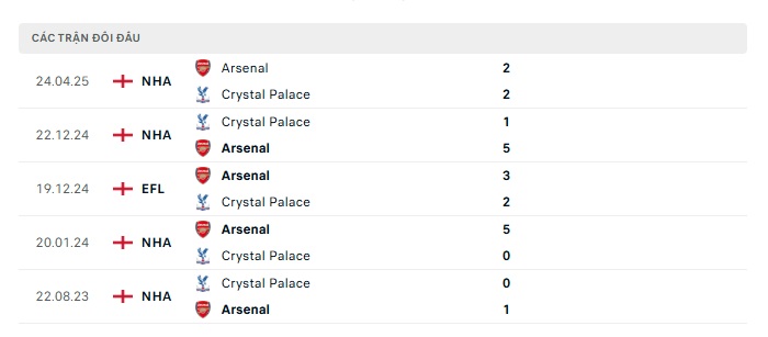 Lịch sử đối đầu Arsenal vs Crystal Palace
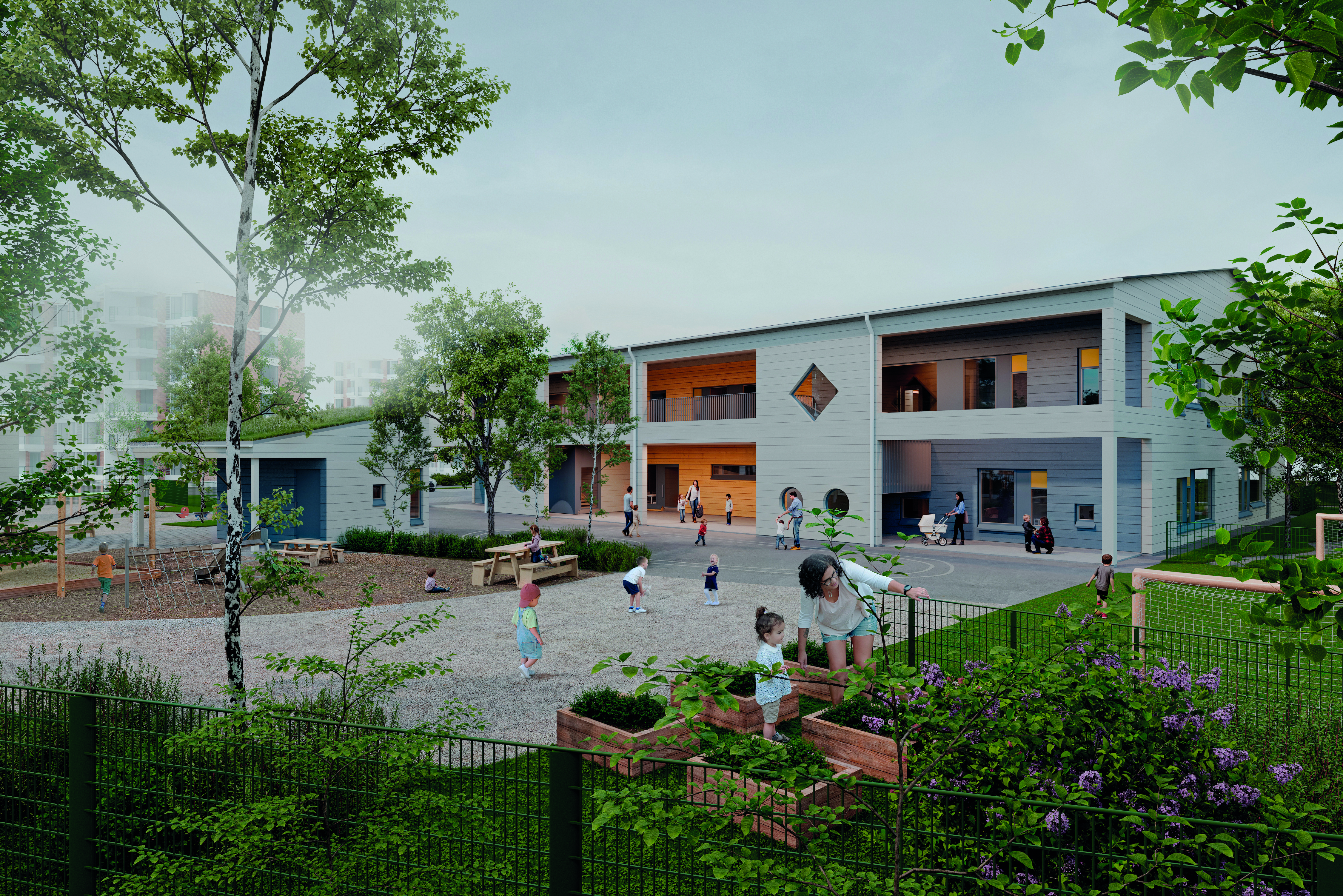 Vantaan kaupungille vuonna 2027 rakennettavan Sammakkolammen hirsipäiväkodin havainnekuva. Hoivarakentajat
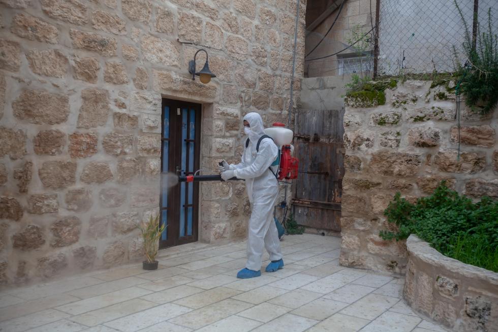 3月17日,在约旦河西岸城市伯利恒附近,工作人员对街道进行消毒。新华社发(卢埃·萨巴巴摄)
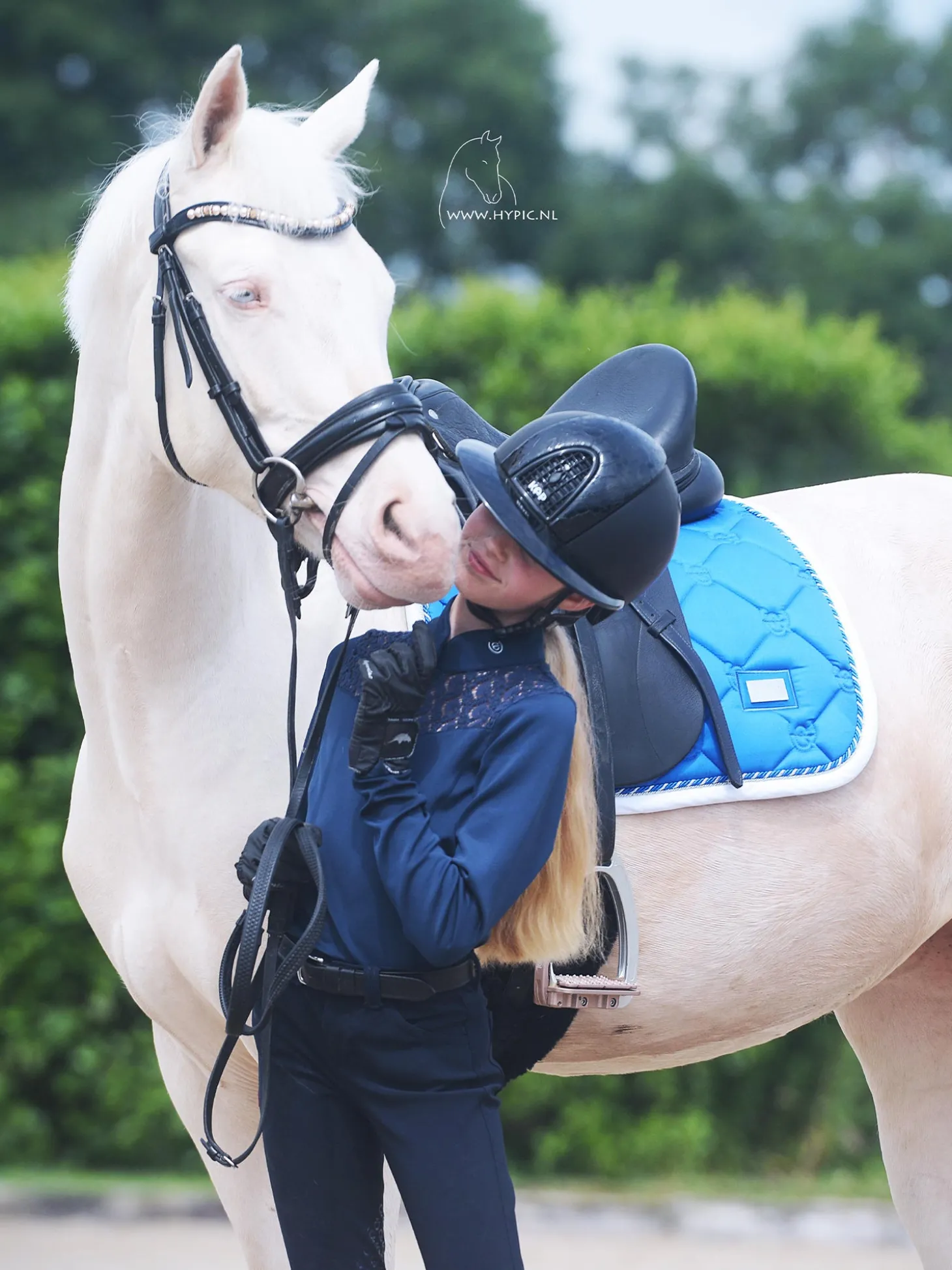 Frische blaue Farbe mit weißer Einfassung und schönen Details in Silber. Gesteppt in Mustern mit dem luxuriösen Logo von Equestrian Stockholm.
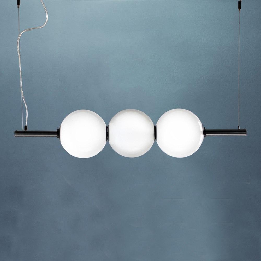 - 2 cased white glass spheres, 1 cased smoked glass sphere;
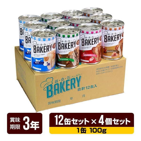 非常食 新食缶ベーカリー 缶入りソフトパン(イチゴ・チョコレート・ミルク・キャラメル 各3缶) 12缶セット×4個セット アスト 3年保存 パン 缶詰 長期保存 防災食 防災グッズ
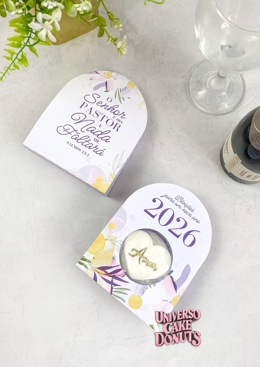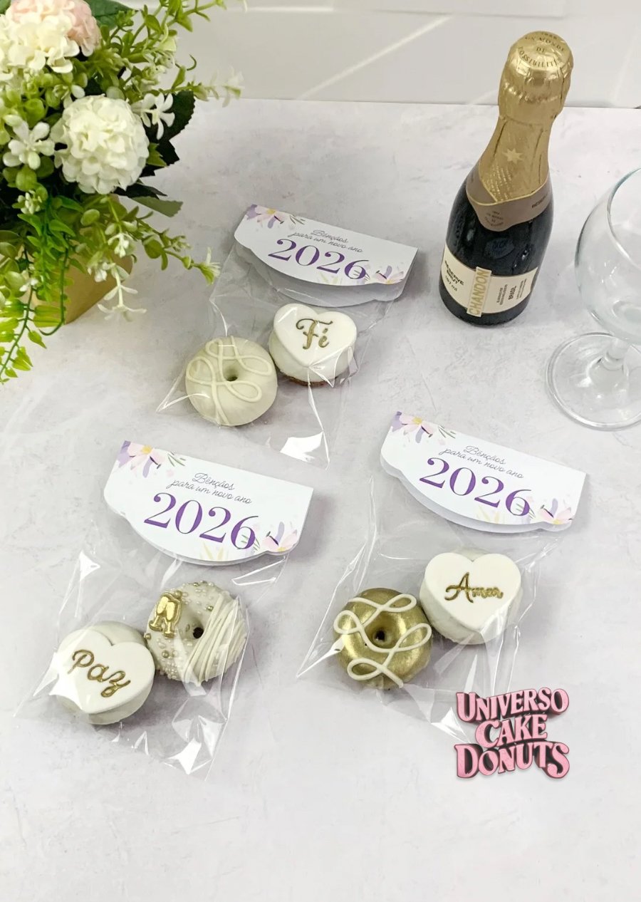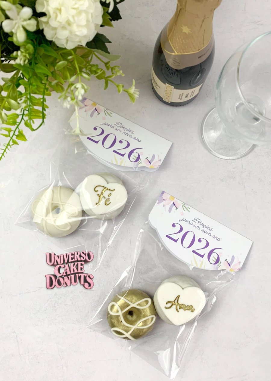 Transforme seus mini donuts em presentes natalinos encantadores com nossas embalagens temáticas de ano novo. Baixe, personalize e monte rapidamente, criando doces momentos de celebração em cada detalhe.
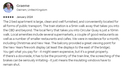 The 2 bed apartment is large, clean and well furnished, and conveniently located for all forms of public transport. The train station is a 5min walk away that takes you into the CBD and beyond. The local ferry that takes you into Circular Quay is just a 10min walk. Local amenities include several supermarkets, a couple of good restaurants as well as a number of smaller restaurants and cafes. We were in residence for a month, including Christmas and New Year. The balcony provided a great viewing point for the New Years firework display (at least the displays to the east of the bridge).
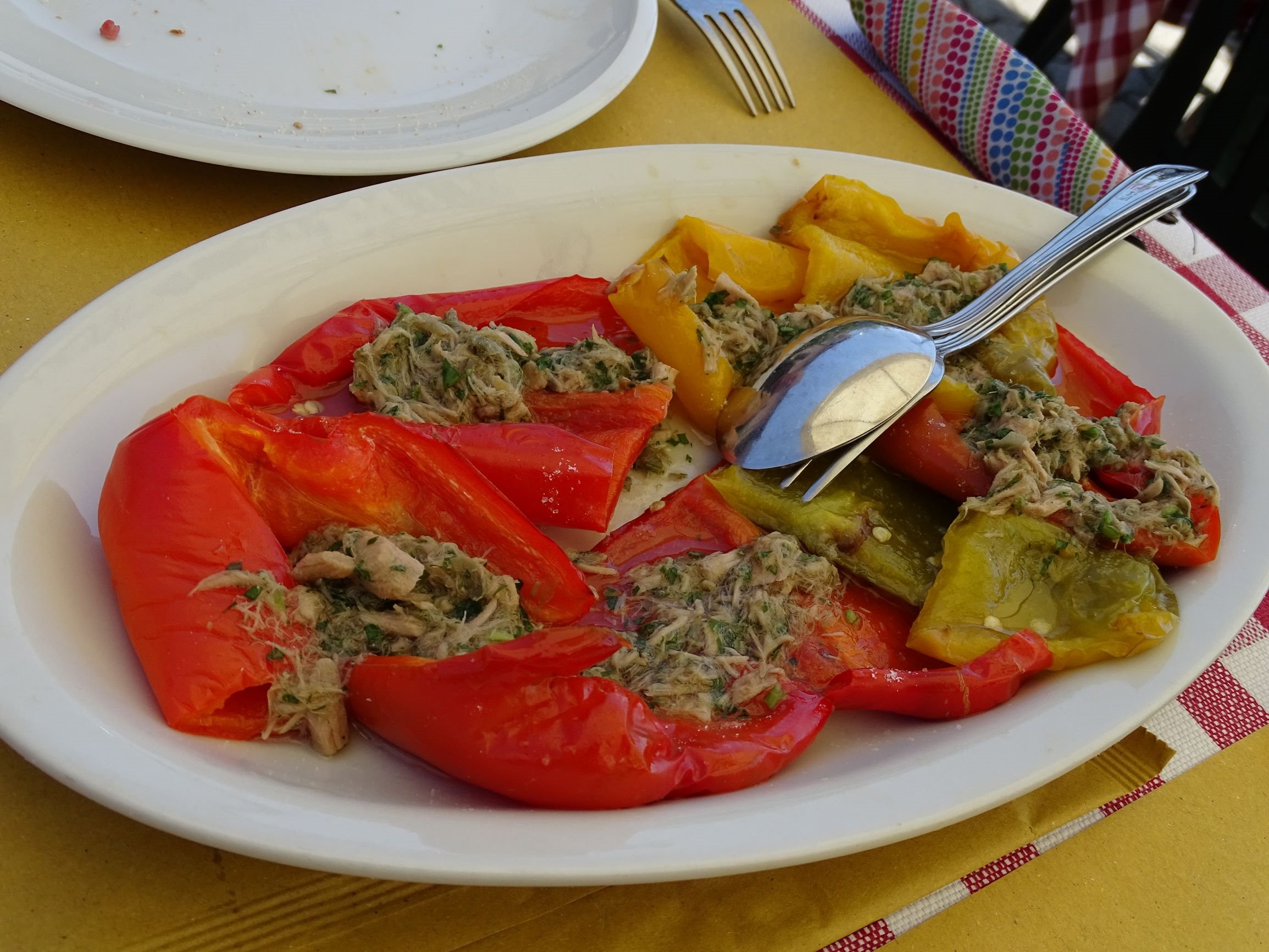 We started with a bianco. This wine is a local version of Vermentino. I doubted it had seen any oak. After some reduction on opening, there were aromas of pears, minerals and citrus fruit, with suggestions of tide pool. On palate, the light bodied wine showed lively acidity. Lemons, limes and grapefruit finishing on some minerality and salinity. A nice, basic thirst quencher.
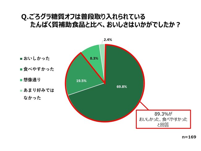 ・89%が他のたんぱく質補助食品と比べ「おいしかった」「食べやすかった」と回答!

++++++++++

*DESCRIPTION OF THE TASK*
For this exercise, set down the lines in the entries above from the one with "非常食 新食缶ベーカリー 缶入りソフトパン(イチゴ・チョコレート・ミルク・キャラメル" through the one with "Transforme seus mini" exactly as written, without any pictures.

*ANSWER SPACE*
 非常食 新食缶ベーカリー 缶入りソフトパン(イチゴ・チョコレート・ミルク・キャラメル 各3缶) 12缶セット×4個セット アスト 3年保存 パン 缶詰 長期保存 防災食 防災グッズ
 Transforme seus mini donuts em presentes natalinos encantadores com nossas embalagens temáticas de ano novo. Baixe, personalize e monte rapidamente, criando doces momentos de celebração em cada detalhe.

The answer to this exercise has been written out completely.